Handgrip strength is often used as an indicator of overall muscle strength as well as current and future health. Think about it. You need grip strength for literally everything. Picking up your groceries, grabbing your phone, or even picking up your water bottle. When it comes to weight-lifting hand grip is one of the quickest ways to bigger lifts and loading more plates onto the barbell. You may be strong enough to lift a heavy plate loaded deadlift off the ground, but if you can’t hold onto the barbell, then it doesn’t really matter now does it. We’re going to talk more about how to strengthen your grip and why getting a grip is important.
Grip strength is simply a measurement of how much force and power you can create with your forearms and hand muscles to grip an object.
Training protocols, such as powerlifting, bodybuilding, and high-intensity functional training like CrossFit all require grip strength to compete and lift heavy. A grueling metcon can leave you fatigued and slow you down especially as your chipping away in the workout round after round. Having good grip strength is crucial to focus on proper form and push yourself through a workout.
In fact, a study published in the Journal Of Strength And Conditioning Research found that hand grip strength is a predictor of muscle strength and endurance [R]. Beyond fitness however, grip strength is also an indicator of overall health. Research has shown that low grip strength is associated with chronic comorbidities, functional disabilities, and even death [R]. Now that I have your attention, let’s talk about how to strengthen your grip with some proven grip exercises.
Deadlifts can help increase grip strength by physically adding stress to your forearms and lifting a heavy barbell. There’s honestly no better way to strengthen your grip, than lifting heavy things floor, then putting them back down again. Deadlifts also have a variety of hand grips that you can use, such as over-under, over hand, or under hand, increasing grip strength with several different techniques.
The Zottman curl is a fantastic exercise to help improve grip strength. Once the dumbbell is curled, a rotation occurs, with a slow eccentric phase, developing strong forearm strength. The real benefit of the Zottman curl is that the positive portion of each rep contracts the biceps (biceps brachii and brachialis) and the negative phase targets the forearms (brachioradialis and brachialis muscles). The force of the weight on the way back down can drastically improve forearm strength and improve your grip.
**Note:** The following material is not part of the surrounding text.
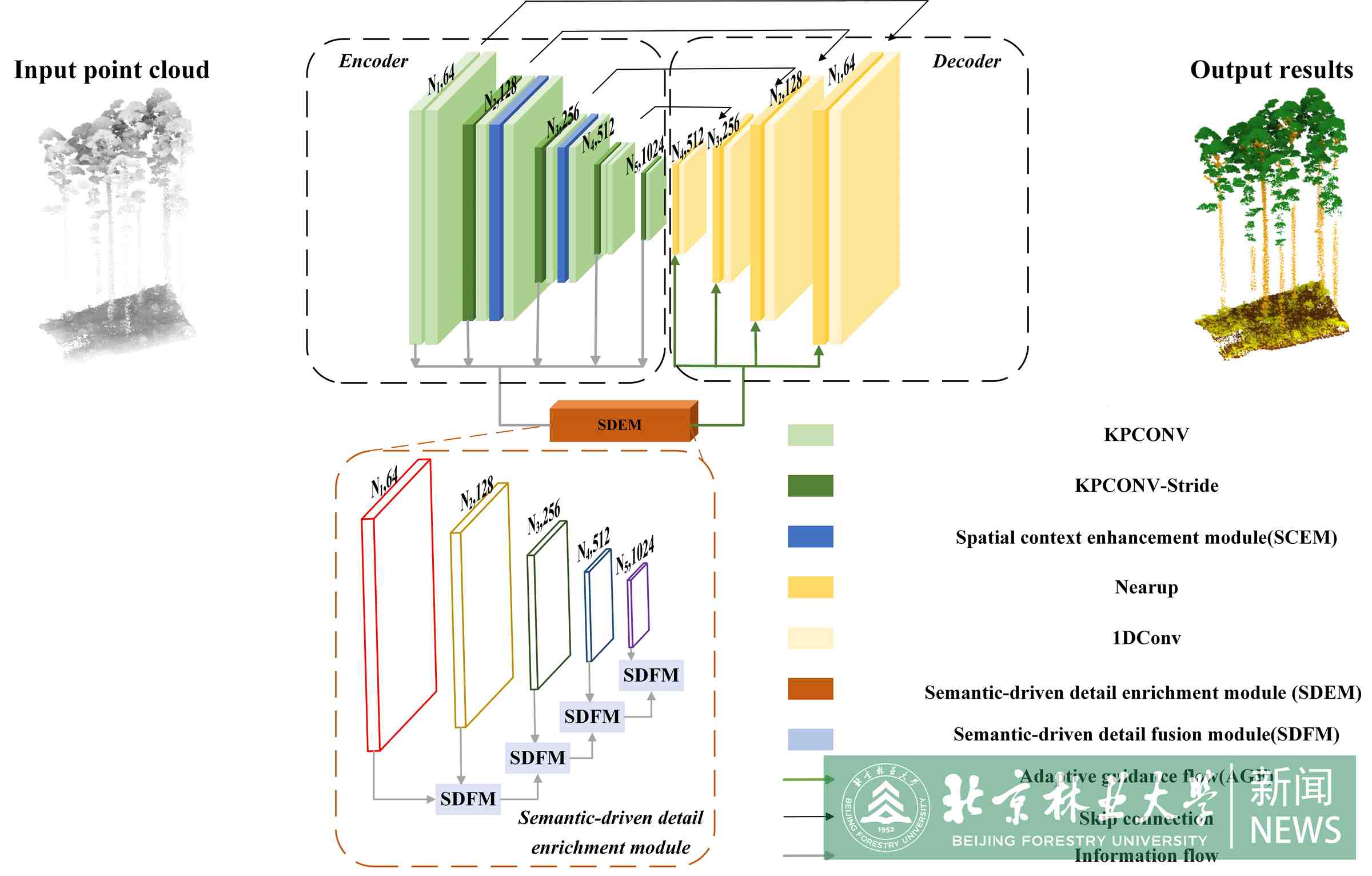 近期,信息學(xué)院(人工智能學(xué)院)盧昊副教授研究團(tuán)隊(duì)聯(lián)合中國(guó)林業(yè)科學(xué)研究院、瑞士聯(lián)邦森林、雪與景觀研究所(WSL)等機(jī)構(gòu)研究人員,在遙感領(lǐng)域頂刊《Remote Sensing of Environment》(中國(guó)科學(xué)院一區(qū)Top,IF=11.1)上發(fā)表題為"Towards a point cloud understanding framework for forest scene semantic segmentation across forest types and sensor platforms"的研究成果。該研究針對(duì)復(fù)雜森林場(chǎng)景,提出了大規(guī)模三維點(diǎn)云理解的神經(jīng)網(wǎng)絡(luò)模型Sen-net,實(shí)現(xiàn)了點(diǎn)云多種組分的高精度語(yǔ)義分割。
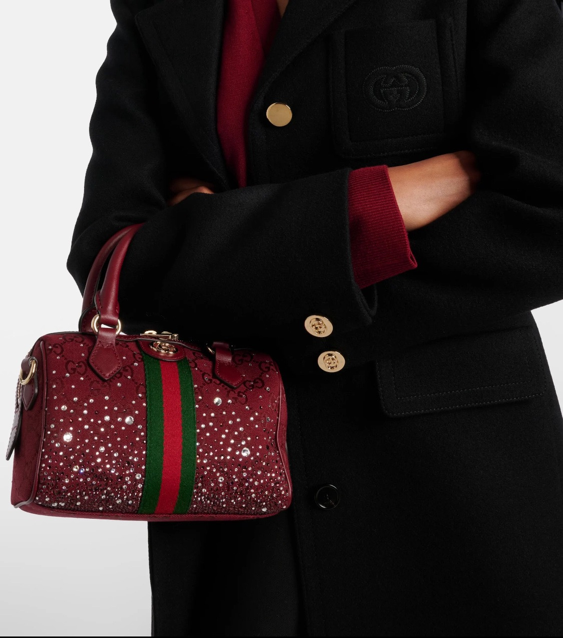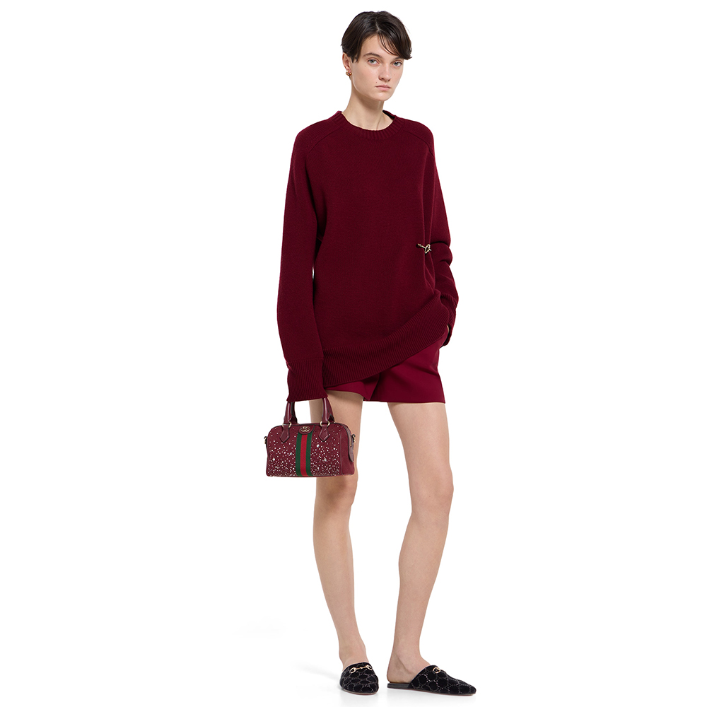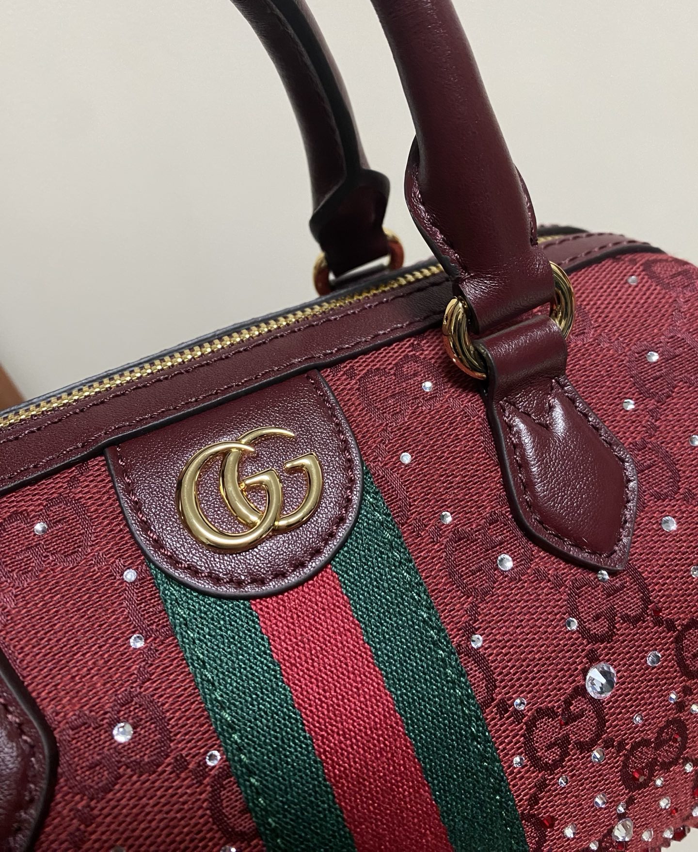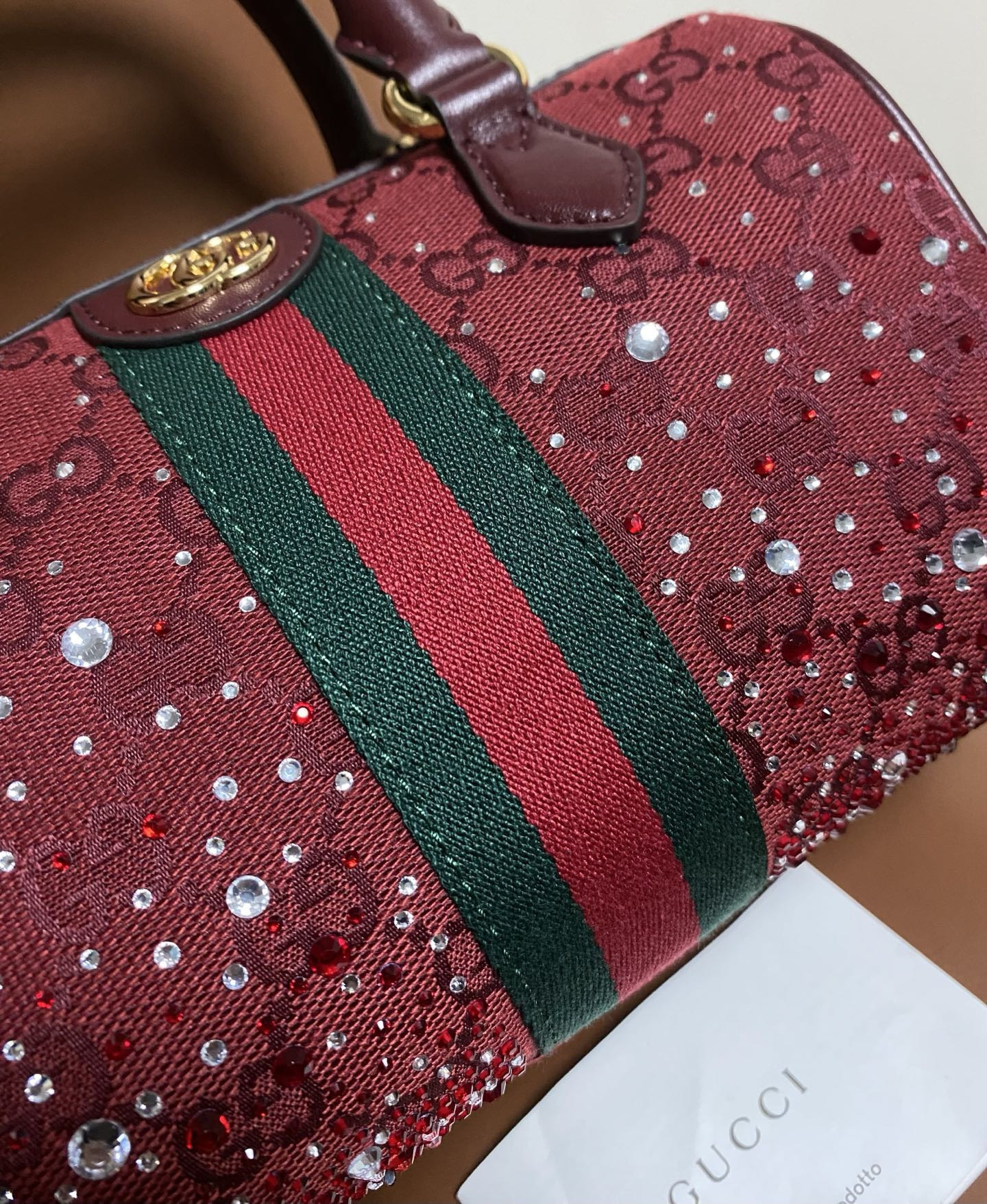 NIGO GUCCI Ophidia crystals small boston bag in Rosso Ancora red GG canvas #nigo335872

The farmer’s carry, farmer’s walk, and loaded walks are wonderful ways to increase overall stability, grip strength, and improve exercise conditioning. When gripping the item (dumbbells, kettlebells, etc.) and holding that grip for a distance, the flexors of the forearms and the biceps are actively engaged to stabilize the weight in the hand. When you’re challenging yourself with staying upright and taking controlled steps over a specific distance, the bigger muscles in the upper body like the core and back muscles, stabilize the spine, support posture, and help us to not topple over.
When it comes to grip strength there are a few defined types of gripping
Crushing is the action of closing the fingers against resistance. Essentially crush grip is the ability to squeeze something between your fingers and palm and crimping (directing force with the fingers toward the callous line) is also part of crushing grip.
Pinching involves grasping something with the thumbs in opposition to the fingers, between the tips of your fingers and the thumbs. This can be static (no movement, such as gripping a book) or dynamic (such as rock climbing, throwing objects, and carrying sandbags.
Support grip entails lifting something with the fingers taking the brunt of a load within an isometric movement, like deadlifts, kettlebell movements, farmers carry, and holding it for an extended period of time. True support grip involves the fingers wrapping well around the bar. If the handle is large enough that there is a space between the fingers and thumb, it is referred to as open hand support.
Hand extension is the opening of the fingers and thumb (antagonistic action to flexion of the fingers and thumb).
Research suggests that grip strength is an indicator of concurrent overall strength, endurance, upper limb function, bone mineral density, malnutrition, cognitive impairment, depression, sleep problems, diabetes, comorbidity, and quality of life. In addition to being an indicator for overall health, grip strength is vitally important to improve athletic performance and training outcomes.